#### [Dataset excerpts]
- Opening Delimiter -

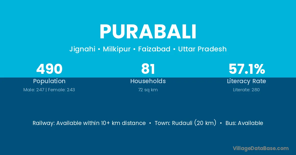 Rudauli (20 km) is the nearest town to Purabali village for major economic activities and is located approximately 20 km away.
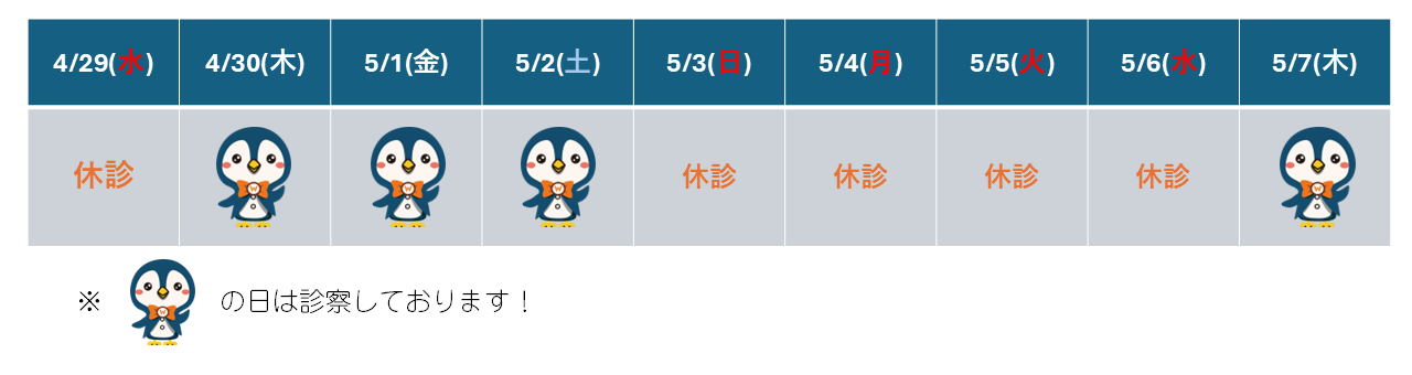 ☆GW中の診療日のお知らせ
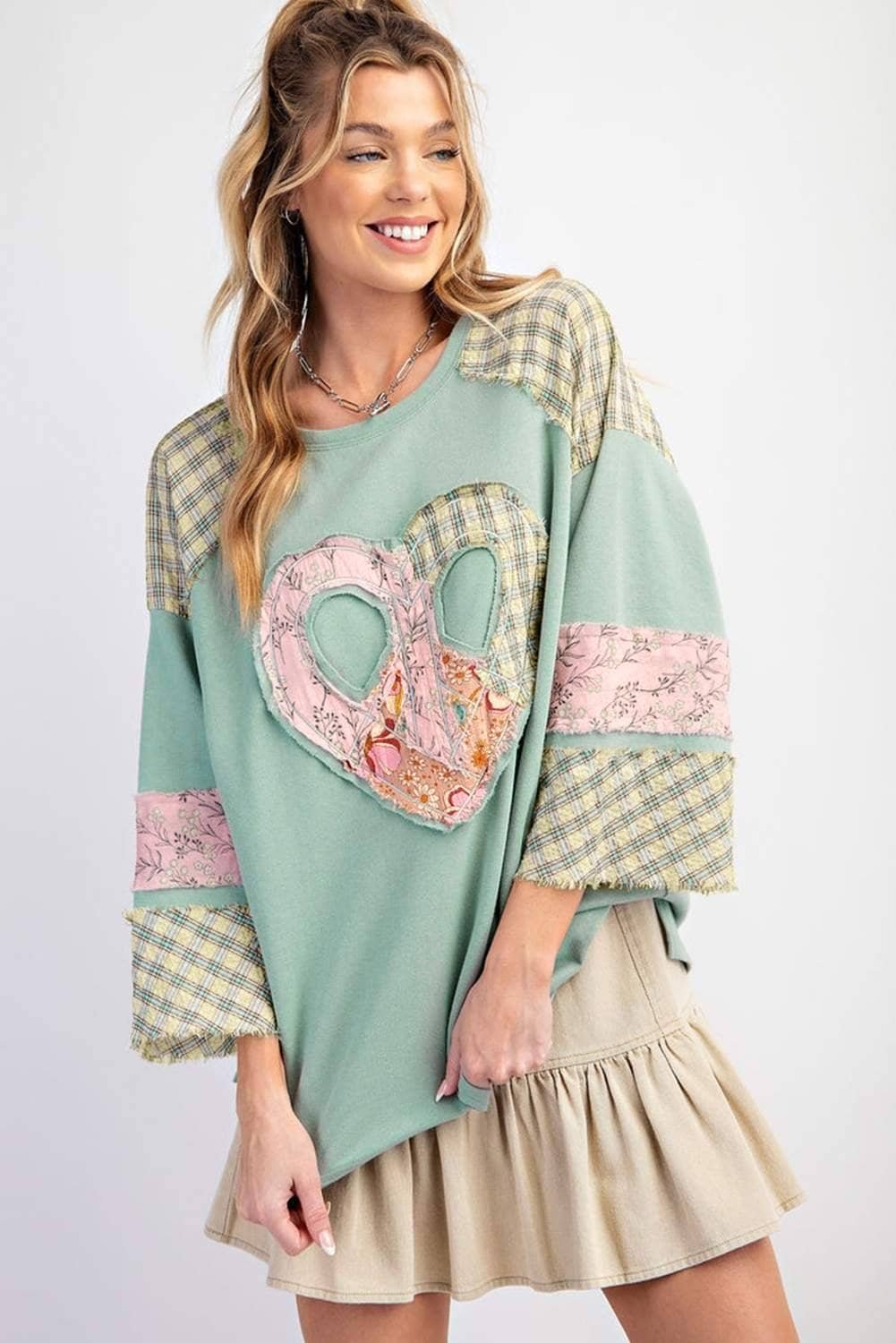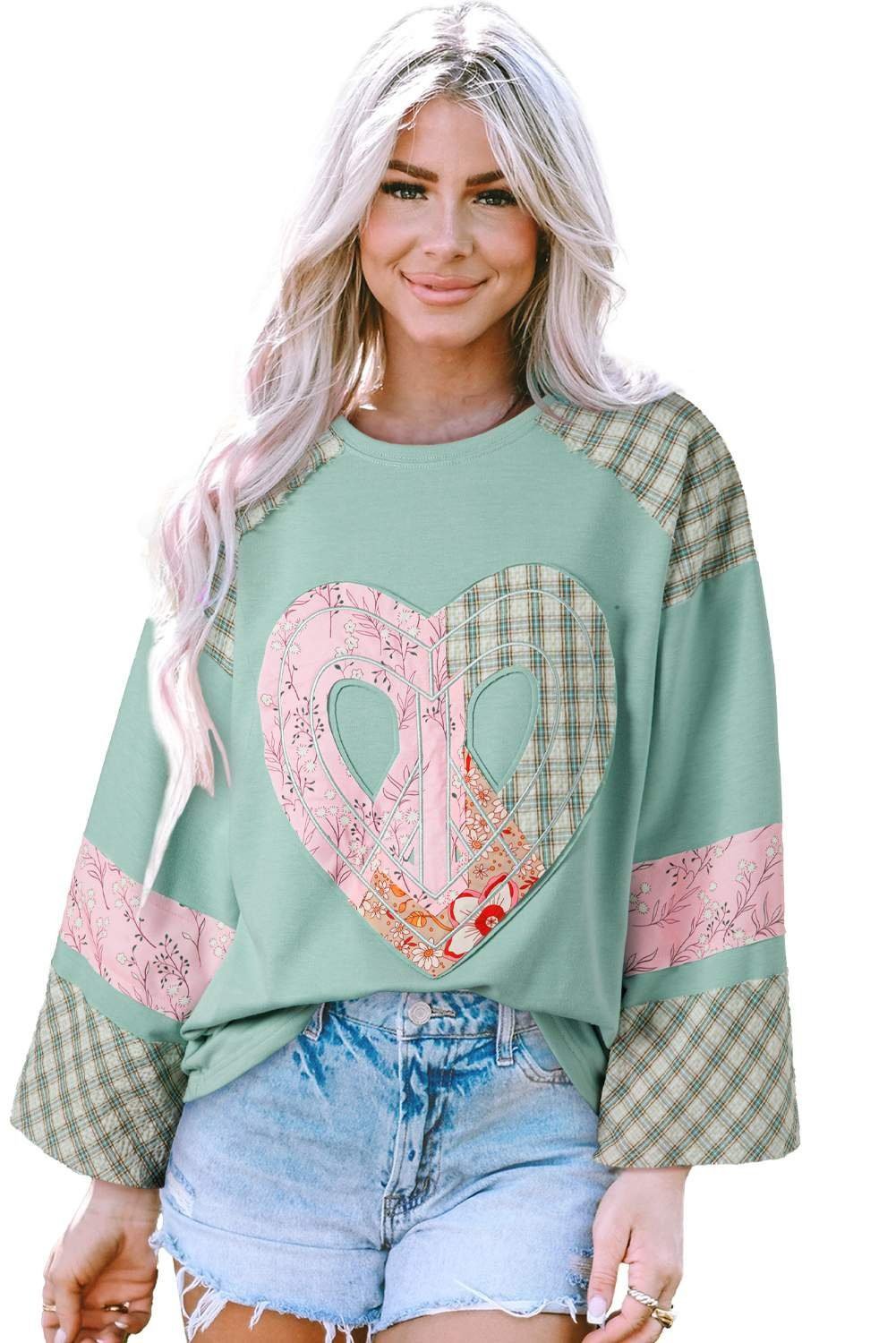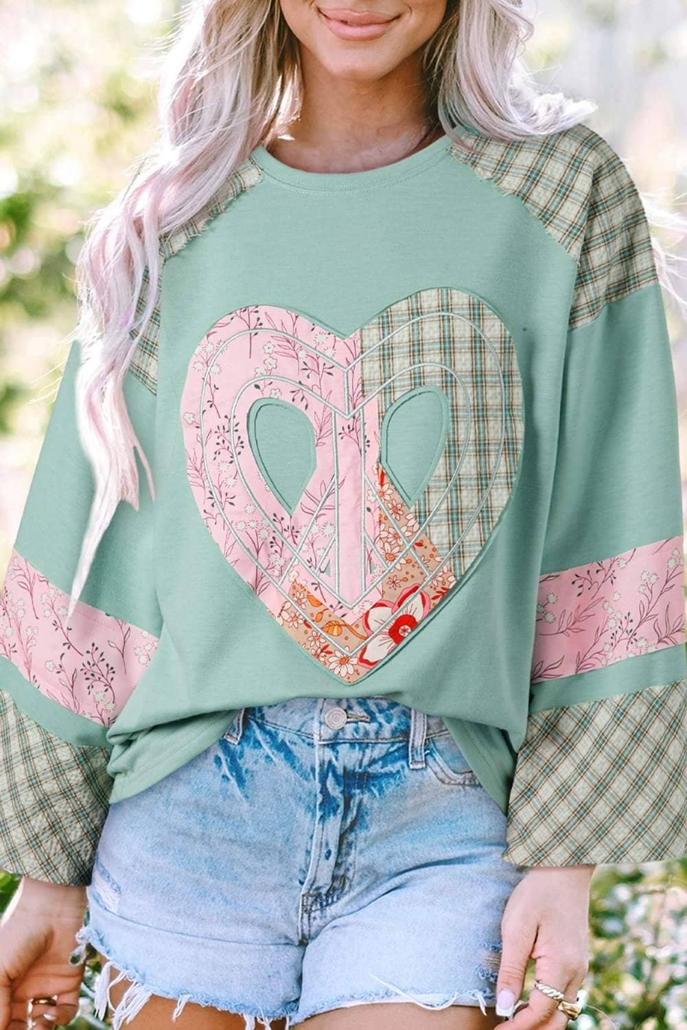 Clearly Aqua Plaid Floral Peace Heart Graphic Wide Long Sleeve Top
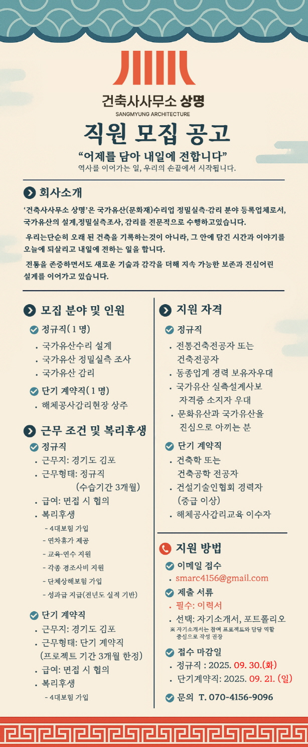 국가유산 설계, 감리, 실측조사 등 경력자 우대
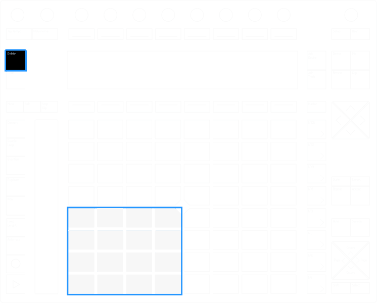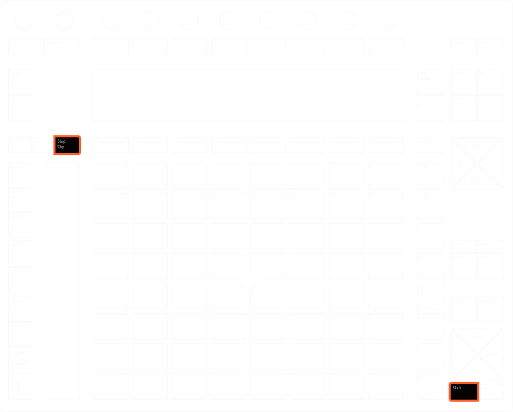 In Loop Selector Layout the layout it will momentarily change to 16 Velocities Layout and vice versa.If In 64 Pads Layout, it will momentarily show the Loop Selector on the first row of Pads

- Closing Delimiter -

#### [Exercise]
Leave out the pictures and set down all of the data exactly.

#### [Answer space]
 Rudauli (20 km) is the nearest town to Purabali village for major economic activities and is located approximately 20 km away.
 ☆GW中の診療日のお知らせ
 Clearly Aqua Plaid Floral Peace Heart Graphic Wide Long Sleeve Top
 국가유산 설계, 감리, 실측조사 등 경력자 우대
 In Loop Selector Layout the layout it will momentarily change to 16 Velocities Layout and vice versa.If In 64 Pads Layout, it will momentarily show the Loop Selector on the first row of Pads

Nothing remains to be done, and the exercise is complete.